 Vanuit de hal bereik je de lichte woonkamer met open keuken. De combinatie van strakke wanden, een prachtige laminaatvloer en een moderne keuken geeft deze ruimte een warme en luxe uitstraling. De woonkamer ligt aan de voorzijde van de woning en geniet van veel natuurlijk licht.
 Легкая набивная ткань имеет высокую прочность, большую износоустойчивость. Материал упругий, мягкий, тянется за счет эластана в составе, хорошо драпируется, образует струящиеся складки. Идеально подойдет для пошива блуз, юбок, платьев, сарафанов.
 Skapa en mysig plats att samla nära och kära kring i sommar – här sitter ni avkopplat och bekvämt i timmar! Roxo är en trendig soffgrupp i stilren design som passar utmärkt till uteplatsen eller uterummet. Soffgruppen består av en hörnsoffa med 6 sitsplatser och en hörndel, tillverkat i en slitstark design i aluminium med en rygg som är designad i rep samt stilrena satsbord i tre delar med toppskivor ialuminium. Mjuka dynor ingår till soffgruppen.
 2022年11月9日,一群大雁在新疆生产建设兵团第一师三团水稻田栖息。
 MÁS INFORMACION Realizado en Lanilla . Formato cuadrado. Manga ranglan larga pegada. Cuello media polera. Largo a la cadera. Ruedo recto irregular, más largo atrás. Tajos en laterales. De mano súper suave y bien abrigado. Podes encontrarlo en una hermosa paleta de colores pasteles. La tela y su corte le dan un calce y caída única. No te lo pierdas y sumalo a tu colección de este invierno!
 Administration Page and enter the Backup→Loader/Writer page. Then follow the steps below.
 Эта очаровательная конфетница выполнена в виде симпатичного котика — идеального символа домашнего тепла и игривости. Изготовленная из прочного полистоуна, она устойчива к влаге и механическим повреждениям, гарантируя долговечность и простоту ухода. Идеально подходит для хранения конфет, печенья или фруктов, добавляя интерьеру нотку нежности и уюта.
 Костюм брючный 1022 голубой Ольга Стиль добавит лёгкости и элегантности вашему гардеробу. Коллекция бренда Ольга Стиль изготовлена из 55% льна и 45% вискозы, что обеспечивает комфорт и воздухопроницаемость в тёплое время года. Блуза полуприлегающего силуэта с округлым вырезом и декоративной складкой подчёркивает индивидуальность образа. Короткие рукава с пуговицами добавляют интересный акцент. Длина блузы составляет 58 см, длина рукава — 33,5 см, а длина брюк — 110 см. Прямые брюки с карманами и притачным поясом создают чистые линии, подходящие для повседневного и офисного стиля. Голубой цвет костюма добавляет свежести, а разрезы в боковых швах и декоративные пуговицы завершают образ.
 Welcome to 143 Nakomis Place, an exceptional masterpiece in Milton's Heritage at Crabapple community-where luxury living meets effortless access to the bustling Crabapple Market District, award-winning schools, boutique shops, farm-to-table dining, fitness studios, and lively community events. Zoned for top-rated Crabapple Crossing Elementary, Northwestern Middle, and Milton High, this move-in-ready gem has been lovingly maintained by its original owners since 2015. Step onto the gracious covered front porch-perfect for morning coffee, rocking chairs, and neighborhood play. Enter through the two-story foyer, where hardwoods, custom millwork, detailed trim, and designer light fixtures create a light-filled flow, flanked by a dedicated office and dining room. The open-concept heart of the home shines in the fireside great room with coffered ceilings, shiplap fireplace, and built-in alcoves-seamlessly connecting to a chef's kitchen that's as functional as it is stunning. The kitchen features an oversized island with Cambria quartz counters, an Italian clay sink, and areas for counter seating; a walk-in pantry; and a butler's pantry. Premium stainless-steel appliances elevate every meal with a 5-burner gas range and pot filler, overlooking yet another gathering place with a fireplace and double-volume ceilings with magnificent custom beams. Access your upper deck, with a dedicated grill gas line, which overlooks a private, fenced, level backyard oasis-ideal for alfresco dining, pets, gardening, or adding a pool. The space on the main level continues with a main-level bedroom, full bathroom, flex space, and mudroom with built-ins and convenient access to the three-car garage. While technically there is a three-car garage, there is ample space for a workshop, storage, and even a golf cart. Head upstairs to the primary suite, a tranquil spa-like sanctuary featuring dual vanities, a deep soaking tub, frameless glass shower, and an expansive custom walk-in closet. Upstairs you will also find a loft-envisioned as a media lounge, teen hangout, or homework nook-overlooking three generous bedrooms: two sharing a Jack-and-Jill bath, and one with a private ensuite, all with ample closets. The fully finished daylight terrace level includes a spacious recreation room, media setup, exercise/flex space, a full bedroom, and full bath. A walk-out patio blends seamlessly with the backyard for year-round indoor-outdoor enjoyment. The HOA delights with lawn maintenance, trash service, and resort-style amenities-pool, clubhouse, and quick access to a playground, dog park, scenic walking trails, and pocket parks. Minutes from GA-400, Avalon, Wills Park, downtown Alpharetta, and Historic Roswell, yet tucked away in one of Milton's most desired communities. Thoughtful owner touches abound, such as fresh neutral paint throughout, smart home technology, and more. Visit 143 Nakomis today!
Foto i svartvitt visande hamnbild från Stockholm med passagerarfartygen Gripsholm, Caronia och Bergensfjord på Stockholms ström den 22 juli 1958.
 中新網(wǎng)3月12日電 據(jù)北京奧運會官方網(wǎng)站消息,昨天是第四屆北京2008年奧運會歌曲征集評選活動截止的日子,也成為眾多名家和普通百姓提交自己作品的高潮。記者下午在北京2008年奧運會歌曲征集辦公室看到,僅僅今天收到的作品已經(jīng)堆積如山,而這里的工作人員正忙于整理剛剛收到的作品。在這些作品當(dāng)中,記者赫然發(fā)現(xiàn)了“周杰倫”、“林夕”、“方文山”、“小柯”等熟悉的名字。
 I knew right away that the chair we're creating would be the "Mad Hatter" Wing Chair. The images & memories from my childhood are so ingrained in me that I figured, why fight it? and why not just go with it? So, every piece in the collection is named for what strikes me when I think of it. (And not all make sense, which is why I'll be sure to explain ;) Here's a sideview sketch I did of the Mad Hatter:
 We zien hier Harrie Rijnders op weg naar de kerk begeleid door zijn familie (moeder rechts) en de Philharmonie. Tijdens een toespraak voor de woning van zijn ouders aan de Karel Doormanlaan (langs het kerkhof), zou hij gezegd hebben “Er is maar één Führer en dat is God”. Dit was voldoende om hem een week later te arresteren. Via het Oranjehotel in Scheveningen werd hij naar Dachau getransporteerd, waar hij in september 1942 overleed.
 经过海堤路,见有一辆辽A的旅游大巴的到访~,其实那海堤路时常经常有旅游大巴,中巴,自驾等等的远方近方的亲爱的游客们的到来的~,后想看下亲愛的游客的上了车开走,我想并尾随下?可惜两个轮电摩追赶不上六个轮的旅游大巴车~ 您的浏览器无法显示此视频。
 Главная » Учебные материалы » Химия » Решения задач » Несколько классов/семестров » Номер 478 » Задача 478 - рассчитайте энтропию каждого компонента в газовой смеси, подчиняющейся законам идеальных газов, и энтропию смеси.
◆ ◆ ◆ ◆ ◆ ◆ ◆
**EXERCISE**: Transcribe exactly, and only, the lines from the one bearing "We zien hier" through the last line of the entries, counting both.

**ANSWER FOR THIS EXERCISE**:
 We zien hier Harrie Rijnders op weg naar de kerk begeleid door zijn familie (moeder rechts) en de Philharmonie. Tijdens een toespraak voor de woning van zijn ouders aan de Karel Doormanlaan (langs het kerkhof), zou hij gezegd hebben “Er is maar één Führer en dat is God”. Dit was voldoende om hem een week later te arresteren. Via het Oranjehotel in Scheveningen werd hij naar Dachau getransporteerd, waar hij in september 1942 overleed.
 经过海堤路,见有一辆辽A的旅游大巴的到访~,其实那海堤路时常经常有旅游大巴,中巴,自驾等等的远方近方的亲爱的游客们的到来的~,后想看下亲愛的游客的上了车开走,我想并尾随下?可惜两个轮电摩追赶不上六个轮的旅游大巴车~ 您的浏览器无法显示此视频。
 Главная » Учебные материалы » Химия » Решения задач » Несколько классов/семестров » Номер 478 » Задача 478 - рассчитайте энтропию каждого компонента в газовой смеси, подчиняющейся законам идеальных газов, и энтропию смеси.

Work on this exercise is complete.